### Available data
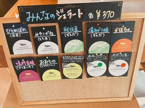 食後に岩沼産の食材を使用したジェラートもいただきました。色んな種類があり、目移りしてしまいました。
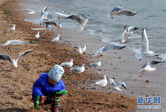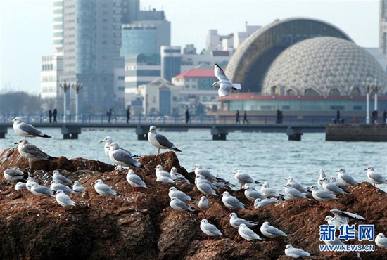 每到冬季,大批海鷗從西伯利亞等地飛臨青島越冬避寒,它們多集中停留在青島沿海一線,吸引眾多市民和游客前來觀賞和拍攝。新華社記者 李紫恒攝
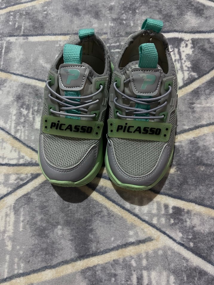 Gri renkli, kız çocuk spor ayakkabısı. Kauçuk tabanlı ve cırt cırtlı, rahat sokak stili için uygundur.
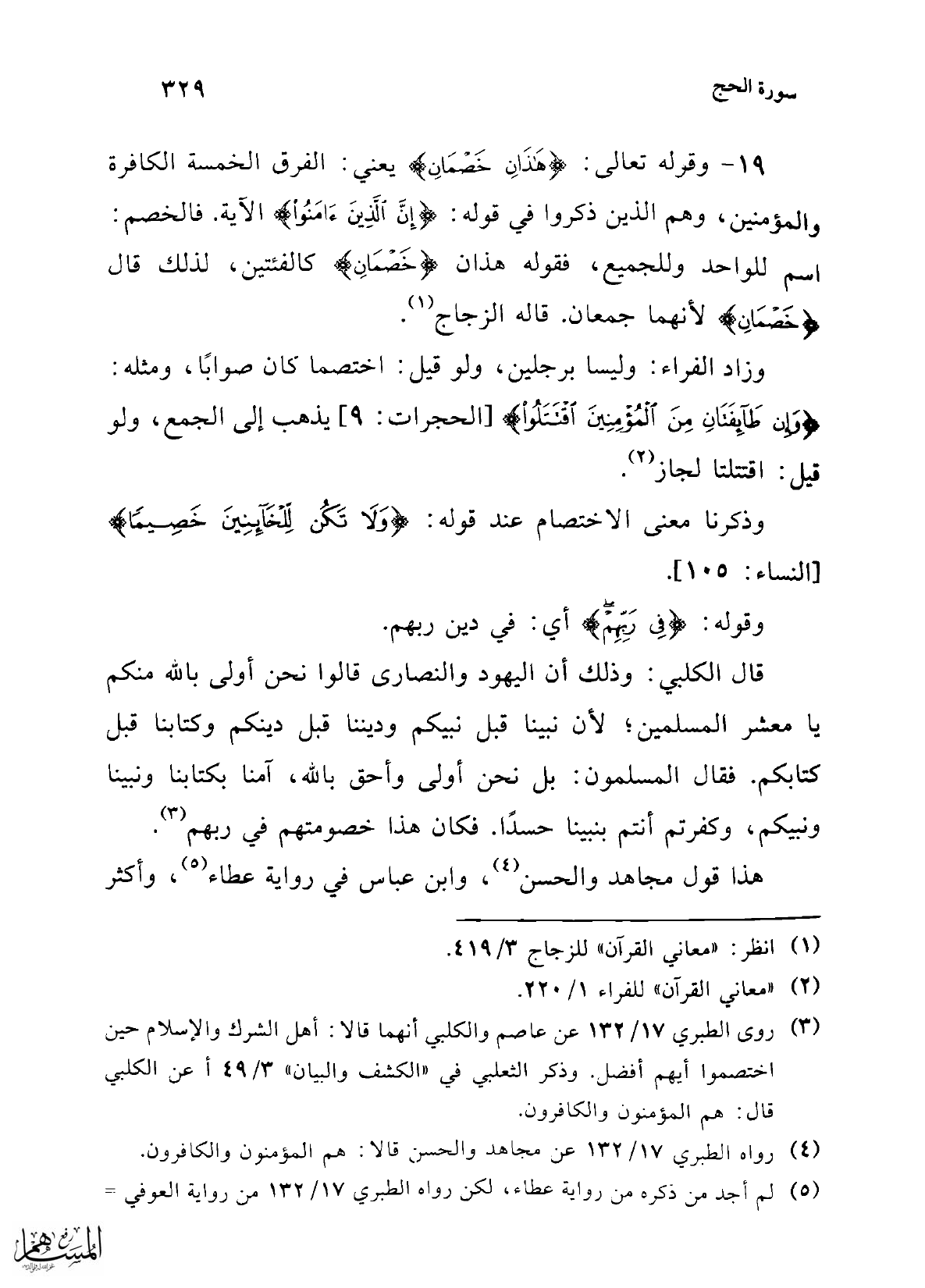 19 - وقوله تعالى: {هَذَانِ خَصْمَانِ} يعني: الفرق الخمسة الكافرة والمؤمنين، وهم الذين ذكروا في قوله: {إِنَّ الَّذِينَ آمَنُوا} الآية. فالخصم: اسم للواحد وللجميع، فقدله هذان {خَصْمَانِ} كالفئتين، لذلك قال {خَصْمَانِ} لأنهما جمعان. قاله الزجاج (¬1).

### What you have to do
Where an image appears in the data, skip it, and return the rest verbatim.

### Completed task
 食後に岩沼産の食材を使用したジェラートもいただきました。色んな種類があり、目移りしてしまいました。
 每到冬季,大批海鷗從西伯利亞等地飛臨青島越冬避寒,它們多集中停留在青島沿海一線,吸引眾多市民和游客前來觀賞和拍攝。新華社記者 李紫恒攝
 Gri renkli, kız çocuk spor ayakkabısı. Kauçuk tabanlı ve cırt cırtlı, rahat sokak stili için uygundur.
 19 - وقوله تعالى: {هَذَانِ خَصْمَانِ} يعني: الفرق الخمسة الكافرة والمؤمنين، وهم الذين ذكروا في قوله: {إِنَّ الَّذِينَ آمَنُوا} الآية. فالخصم: اسم للواحد وللجميع، فقدله هذان {خَصْمَانِ} كالفئتين، لذلك قال {خَصْمَانِ} لأنهما جمعان. قاله الزجاج (¬1).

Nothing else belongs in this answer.